Last week, the Mexican Interior Ministry said that around 5,600 migrants from Honduras, Guatemala and El Salvador had reached the towns of Tijuana and Mexicali both located just across the border with the United States.
Antonio Cimota, 36, is an organizer of Mexicanos Unidos, a group opposing the migrant caravan. He helped organize a large protest in Tijuana on Sunday against the arrival of the convoy from Central America.
Cimota told Sputnik that the caravan had disrupted cross-border travel and littered the community.
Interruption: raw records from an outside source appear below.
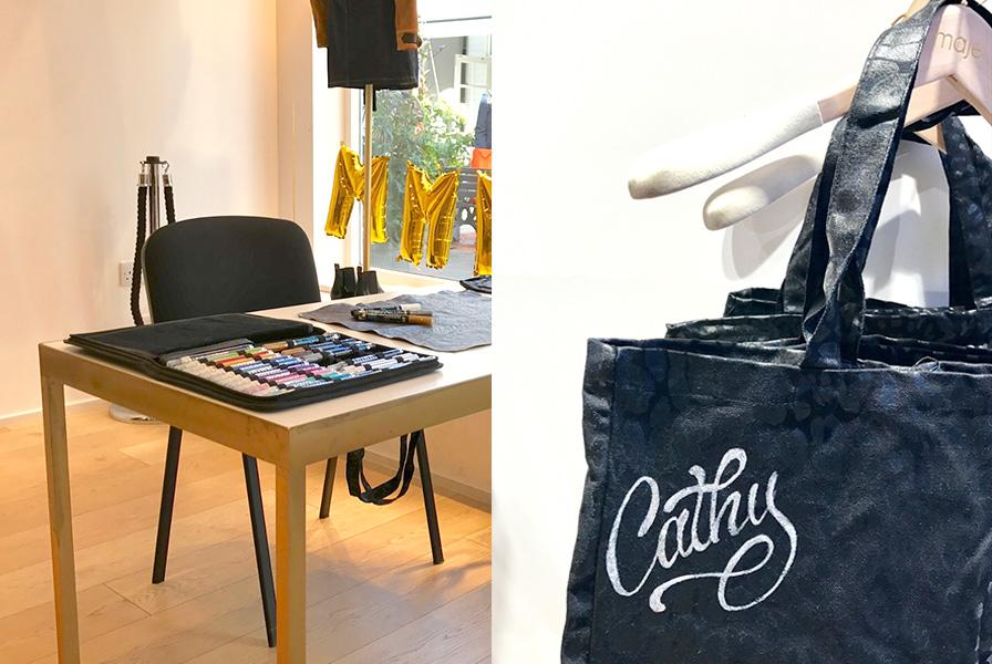So our talented street artist and calligrapher Socrome spent 3 hours in the shop to draw beautiful letters on Maje tote bag with silver and gold colors.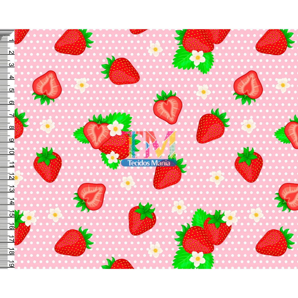 Tecido tricoline, microfibra ou gabardine estampado - Morango - Fundo Bolinhas - Rosa - 0.50cm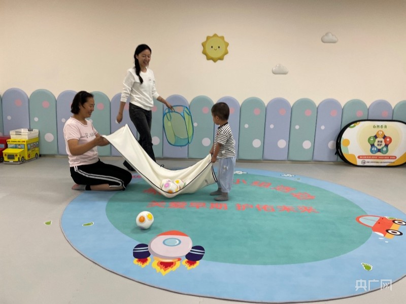 在首都儿科研究所附属儿童医院的康复诊室,医护人员带领患儿通过游戏动作,测试运动能力恢复效果。同一层楼的婴幼儿养育照护指导中心,工作人员陪同患儿、家长一起游戏。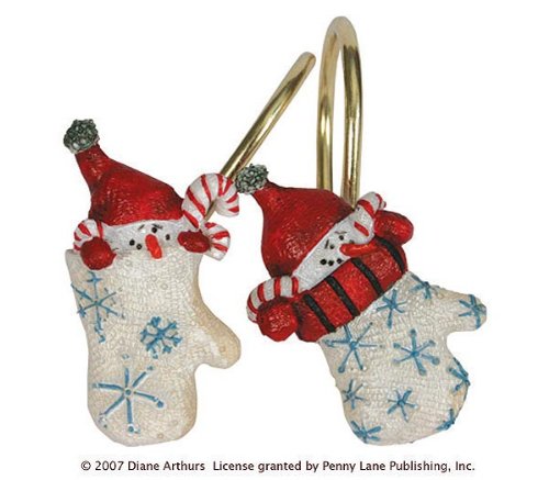 Warm Winter Wishes is what you will feel when you decorate your bath with this fun seasonal collection. A hand painted resin lotion pump and coordinating shower hooks show a snowman's smiling face peeking out of a holiday mitten. The shower curtain features the original art of Diane Arthur with a candy toss. The shower hooks are part of this collection that also includes coordinating lotion pump and shower curtain, fingertip towels, hand towels, bath towels and accent rug. All coordinating pieces are sold separately.

"The border has been closed for short periods of time causing lots of heavy traffic and a division within our community because as much as we have the opposition to this caravan we also have supporters in the community," Cimota said. "We had them [caravan members] camping out in Playas de Tijuana [a tourist area] and [they] left us trash. A foul smell of urine, and donated goods were left behind."
He also pointed out that many of his friends who cross the border daily have been discouraged to do so because of the hours-long waiting lines.
It is frowned upon how the migrants in the caravan forced their way into Mexico on the border with Guatemala, Cimota added.
Ome more Mexico's national, Oscar Dioses, 27, of Tijuana, told Sputnik that he accepts US President Donald Trump’s efforts to protect US citizens especially considering the failure of the Mexican government to address the crisis.
"Our government in Mexico… does not take any action to solve this migration [issue] and take a census of people who arrived in the country and are receiving help from our taxes," Dioses said.
Over the weekend, hundreds of residents in Tijuana clashed with police and pro-migrant demonstrators, local media reported.
Meanwhile, Trump has ordered the deployment of 5,900 military troops at the southern border to deter migrants from crossing it.
The White House on Tuesday authorized the troops to use lethal force against illegal migrants if needed.
Cimota said he does not support Trump but believes that the US president has a right to protect the United States and its citizens.
However, Cimota emphasized that force should not be used against innocent people.
"What we should be doing is trying to find a way to resolve the situation in a humanitarian way, this is, in my opinion, a politically-influenced movement that is affecting the people of Mexico," Cimota said.
Although some have speculated that Mexicans have shown hostility toward the migrants due to bigotry, Dioses rejected the notion.
"My opposition to the migrant caravan is nothing in relation to racism or xenophobia," Dioses said. "It’s just expressing my dissatisfaction with the Mexican government."
On Tuesday, a US district judge in San Francisco blocked a proclamation signed by Trump that bars migrants from applying for asylum if they enter the United States without authorization. The presidential order was challenged by several advocacy groups, including the American Civil Liberties Union.
Mexico is working to create a program aimed at providing job opportunities to the people from the migrant caravans who have arrived in the country, Mexican Ambassador to the United States Geronimo Gutierrez told Sputnik on Tuesday.